Galbert got sober (cold turkey), started going to church, and knew she had to “go to school and do the damn thing.”
She initially went to school to get an AA, to “be a supervisor or something at one of these jobs” and got more than she could’ve ever imagined in her second stint at college.
She dove into her education. She aced her classes and actively participated in the school, eventually interning at NASA’s JPL Science Division in Pasadena.
SMC Tutoring Coordinator Aline Baumgartner saying Galbert was “always looking for opportunity rather than waiting for things to happen to her.”
Galbert got involved in Phi Theta Kappa (PTK), an SMC honor society, which she says catapulted her to success. She ascended up the ranks of the group and when school transfer time came around, she was supported by fellow PTK members.
“I was applying to just state schools, I didn’t think I’d have a chance anywhere else.
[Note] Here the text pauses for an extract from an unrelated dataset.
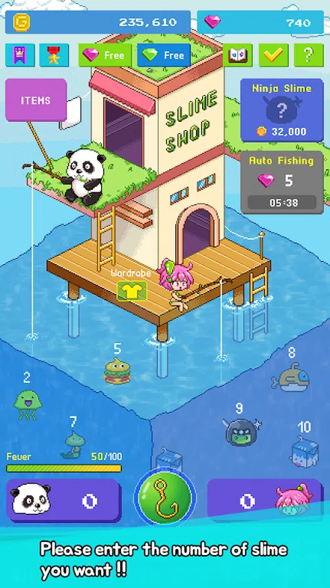史莱姆生活在水中~ ?! 如何捕捉水中的史莱姆?你必须钓鱼! 那钓鱼怎么样? 按下按钮的次数与史莱姆头上写的数字相同。 按钓鱼按钮(绿色圆圈)〜! 如果你抓住史莱姆,就会创造黄金。用黄金升级史莱姆。 请尝试不断出现新的史莱姆。 [教程] 1.按下面的紫色按钮输入数字 2.匹配您想要捕捉的史莱姆数量,然后按“钓鱼按钮(绿色圆圈)”开始钓鱼! 3.抓住史莱姆,让史莱姆升级为黄金。(右上角按钮) 一种新的史莱姆出现。 4.在狂热模式下触摸史莱姆。您可以轻松捕捉大量史莱姆。 5.升级“物品”菜单中的各种物品,使游戏进度更容易。 [提醒] “钓鱼史莱姆”仅在设备内保存游戏数据。 小心

But Irving (Angeles, a former SMC student and PTK member) said, ‘Cal States? No girl, you need to apply to private schools, universities, big schools.’ They helped me trust and believe in myself.”
After gaining two AA degrees — one in science, another in geography — Galbert had her pick of colleges to choose from for her Bachelor’s. UCLA, Columbia, UC Berkeley and more, but it was LMU that had her heart.
There, she says, she felt she got a hands-on education. She joked that “each student there — every student — had an advisor for something, and that advisor had an advisor for them advising them on something,” giving her an impression her individual education would be cared about.
Though she started with environmental studies as her major — which she began due to her love for nature, sparked by her nature-loving dad — she is now a philosophy major, on the verge of getting her degree.
When reflecting, she takes pause and gets choked up thinking how much her life has changed.
“I credit my husband, parents, professors, so many people. I hope this shows people like me — grew up in a tough socioeconomic position with no real college role model — that life can get better. You can get out of that life and change things.”
“Resilience,” Baumgartner says, is the word that defines Galbert. “She defies all the erroneous studies that portray students from certain groups as low achievers. Yes, there is talent and yes, they’re capable as long as they’re put on the right path … She’s not only a Latina but first in her family. Married, too, and achieved so much. She’s a good example for other students. It’s good that they see it’s possible that people like them can make it.”